The vast bulk of Chinese and Korean
immigrants were artists and artisans, who worked in the Hâng style, as their mirrors, horse-trappings, sword-ornaments, and beautiful armour in bronze and gold will testify. Thus the art-education of the Japanese was almost complete by the time Buddhism called for a new and grand expression in the Asuka Period. The genius of Toribushi, our great sculptor, was not born in a night, but was the fruit of causes long pre-existent; and in him we have only the first harvesting of a mighty culture that had covered the ploughlands for many a day.
Yet the Confucian ideal, with its symmetry born of dualism, and its repose, the result of the instinctive subordination of the part to the whole, was necessarily restrictive of the freedom of art. Enchained to the service of ethics, art naturally became industrial. Indeed, the Chinese art-consciousness must always have tended towards the decorative--as shown in its extraordinary development of textiles and
ceramics--had the Taoist mind not imparted to it its playful individualism, and had Buddhism not come later, to lift it up to the expression of commanding ideals. But even if it had remained at the decorative, it could never have sunk to the bourgeois level, since from the remotest danger of such a failure of sympathy, Asiatic art, by her vast life of the Universal and Impersonal, stands eternally redeemed.
Eki or Book of Change.--The ancient Scripture of China, which was accumulated gradually through the periods of Kha and In, and attained to its present form under Bunno, the first King of Shu. Confucius added a commentary, which is considered an essential feature of Eki by Confucians. Here much is made of Man, as the central point between the conflicting forces of Heaven and Earth, thus philosophising communism.
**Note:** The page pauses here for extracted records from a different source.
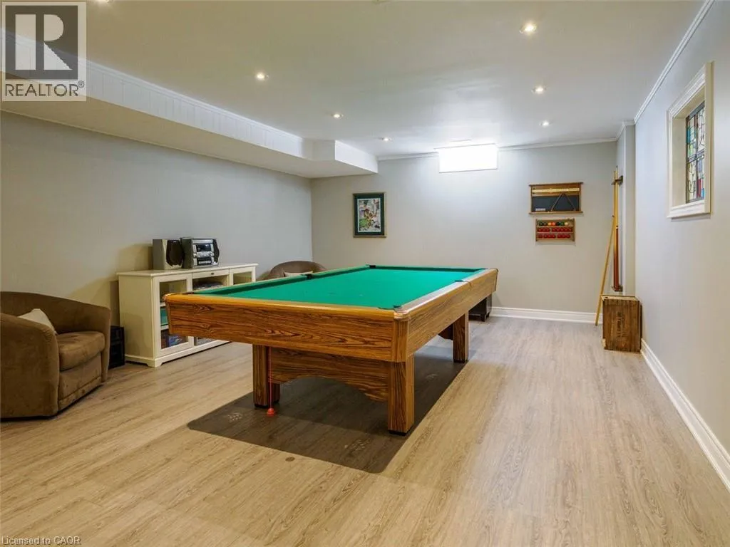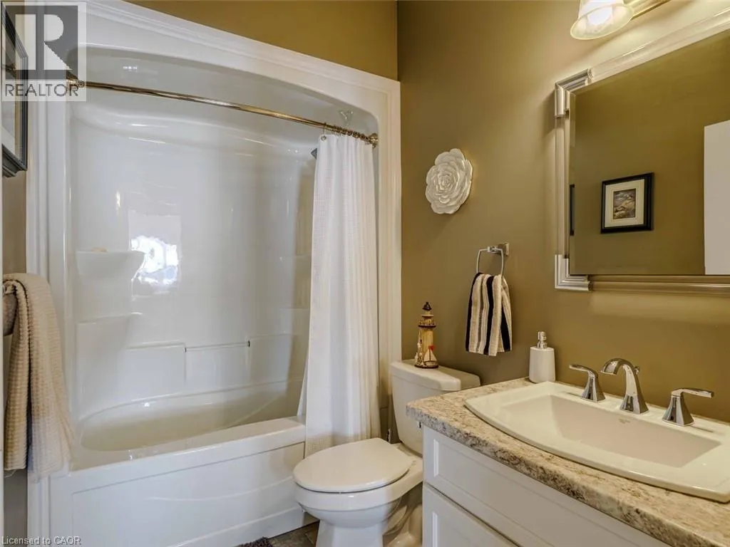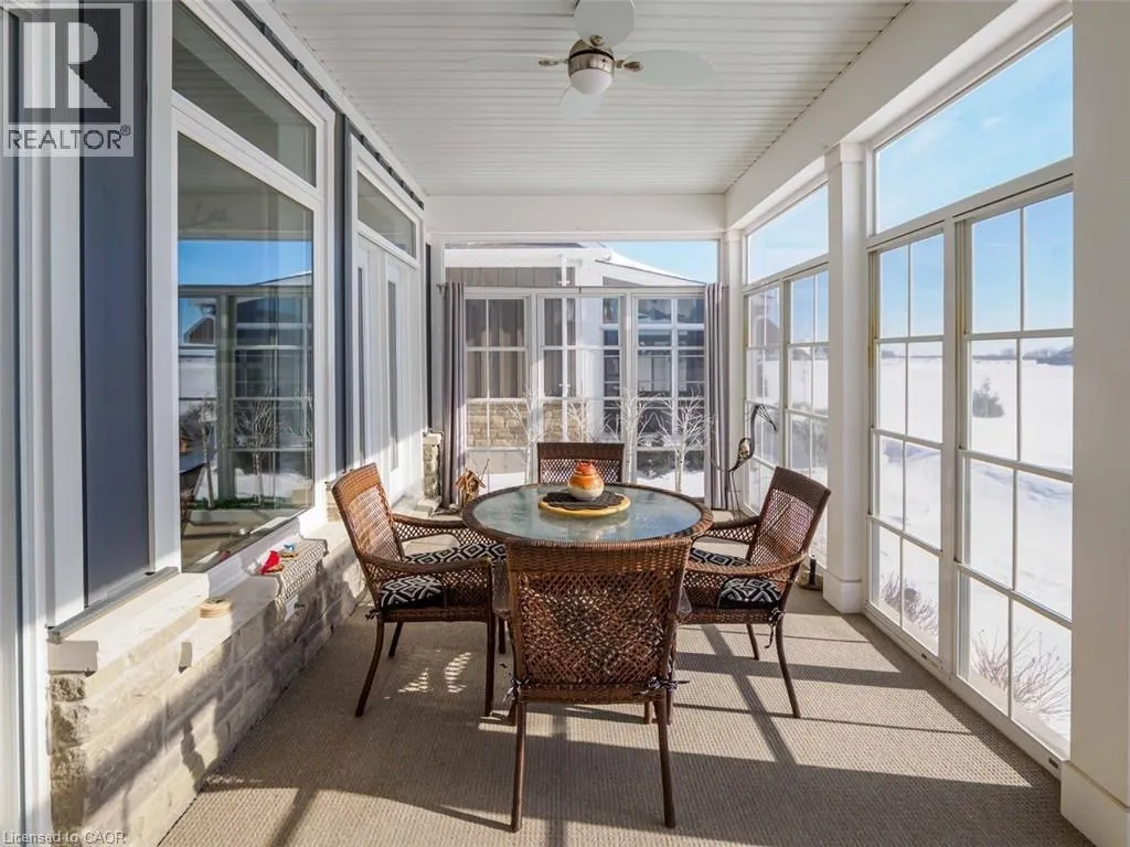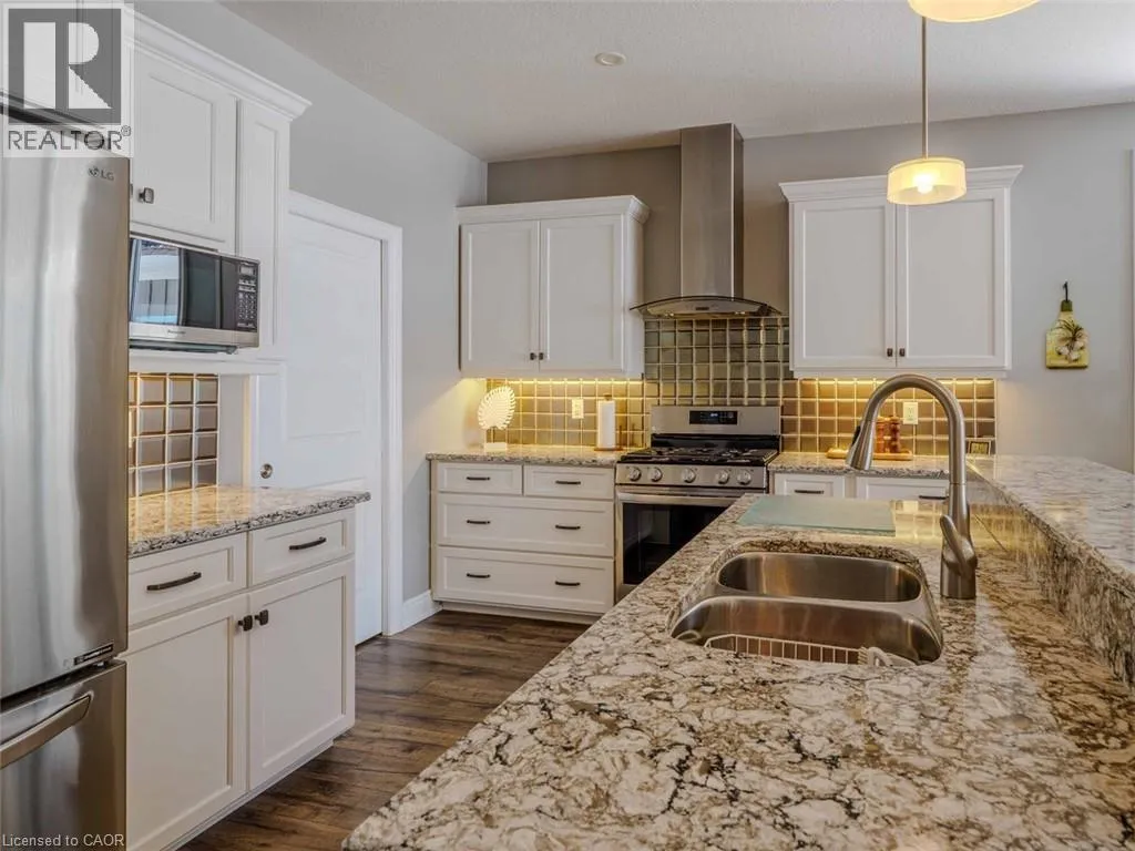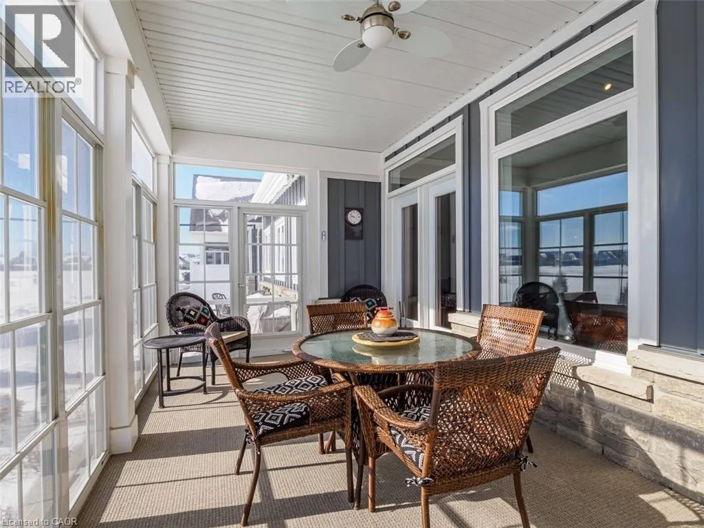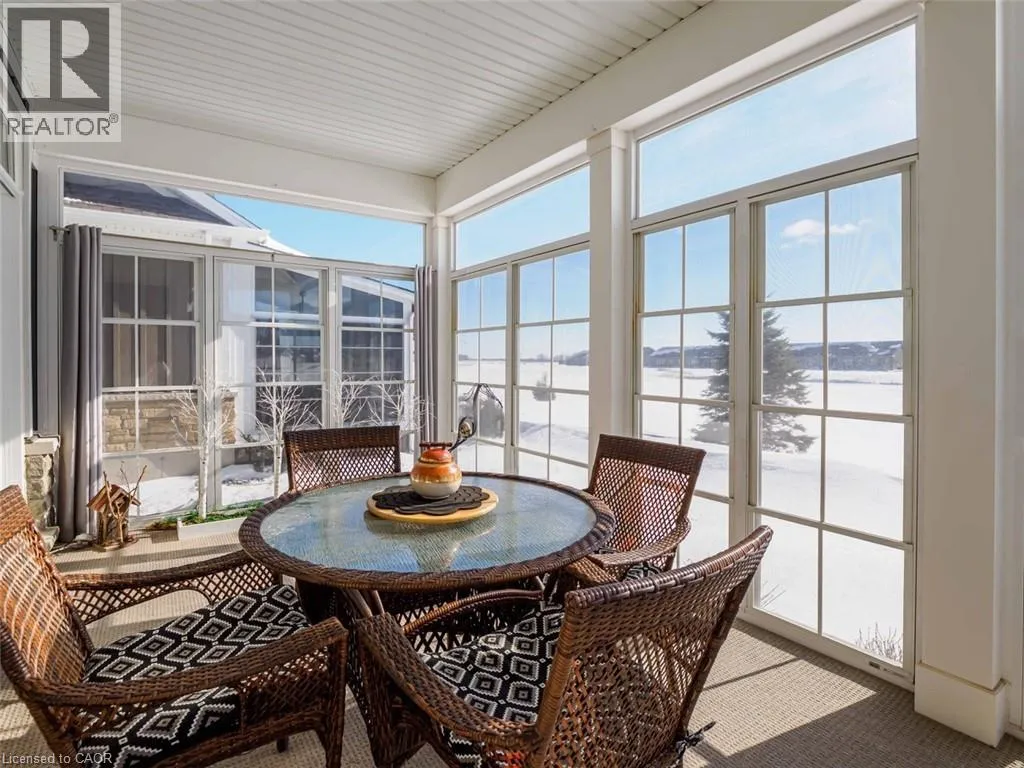 Welcome to this beautifully finished home offering 1834 sq. ft. low-maintenance living in the sought-after lakeside Dover Coast community. Offering custom finishesâincluding stained glass accents, custom barn doors, and a unique antique vanityâthis home is truly one of a kind. Backing on to the 2nd fairway of the golf course, this property delivers comfort, functionality, & lifestyle in equal measure. The main level features a beautiful kitchen with quartz countertops, stainless steel appliances and quality cabinetryâperfect for both everyday living & entertaining. The open-concept design flows into the dining area and a stunning living room highlighted by a vaulted ceiling, beautiful gas fireplace, and 2 sets of glass doors leading to the 3 season sunroom that fill the space with natural light. Enjoy peaceful mornings or relaxing evenings in the sunroom, overlooking the golf courseâa lovely setting for quiet moments or gathering with friends. Convenient main-floor laundry offers excellent flexibility and could easily function as a walk-in pantry off the kitchen or a walk-in closet for the adjacent office/bedroom, depending on your needs. The fully finished lower level provides 1,834 sq ft of additional living space, featuring a rec room, bedroom, 3-piece bathroom, creating an ideal space for guests, hobbies & storage. For the car enthusiast, the home offers an oversized double garage complete with heating and durable epoxy floors. Residents enjoy access to amenities including private swimming access, golf course, pickleball crts, & a fenced dog park, enhancing the active lifestyle this community provides. (*some amenities addition fee) Located in the vibrant destination town of Port Dover on the shores of Lake Erie, youâll enjoy beaches, boating, fishing, a marina, walking & biking trails, restaurants, boutiques, and all that Norfolk County has to offer. Here's your opportunity to own a beautifully finished home in one of Ontarioâs most charming waterfront towns. (id:27476)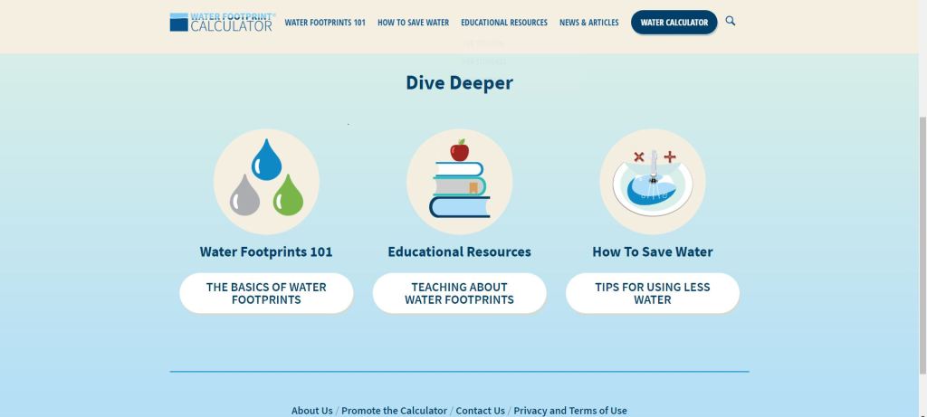 Nation Geographic: Water Footprint Calculator was created by people at National Geographic where there are some light-hearted approaches for you to measure your usage across a variety of fields and make a pledge to lower your water consumption. And also you can share your green lifestyle and some water-saving tips with your friends on it.
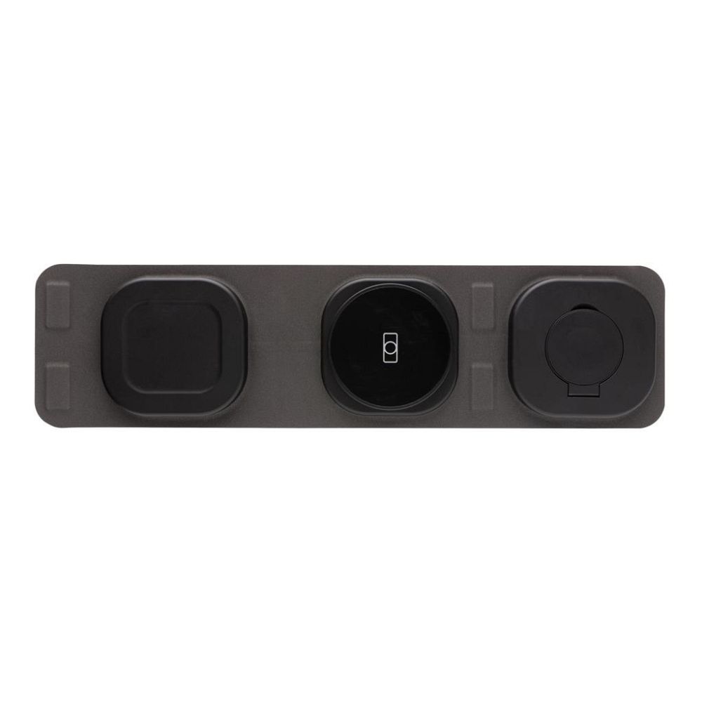 Luxury and foldable 3-in-1 wireless charger made with RCS recycled ABS Total recycled content: 38% based on total item weight. RCS certification ensures a completely certified supply chain of the recycled materials. The wireless charger comes equipped with a magnetic 15W wireless charger and an additional 5W wireless charger suitable for earbuds cases or other small wireless chargeable devices and a 2.5W wireless charger for smartwatches ( Apple watches only). Including RCS certified 120 cm recycled TPE cable. Packed in FSC® mix kraft packaging. Item and accessories 100% PVC free. Input: 9V/3A for optimal use. Output: Phone: 9V/1.1A; 9V/1.67 A/(15W), Earbuds: 5V/1A (5W), Watch: 5V/0.5A.
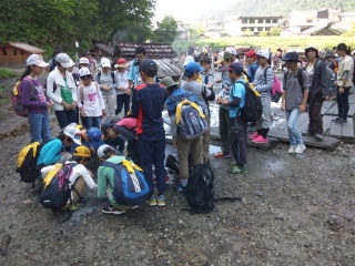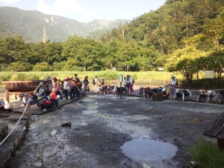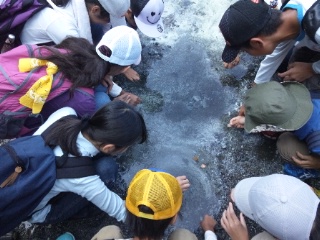 湯元の源泉に来ました。早速、用意してきた十円玉をわき出てくる湯に入れ、色の変化を観察しています。変化に驚く子どもたちです。

The Taoist, on the other hand, is able to ignore the Confucian commentary and interpret Eki in his own way. To him, its great note is the text, "Open matter and create work." This ancient Chinese Veda may be described as a philosophy
of Nature, rather than a story of Creation. It deals with the immanence of One in all duality, and with the relation of the four seasons or Heaven to the eight elements or Earth. It consists of four books or divisions.
The Ancient days of Taiko-bo.--Taiko-bo was the chief counsellor of the first King of Shu, when the throne was taken from In. This great minister was rewarded by being made King of Sei (Shantung).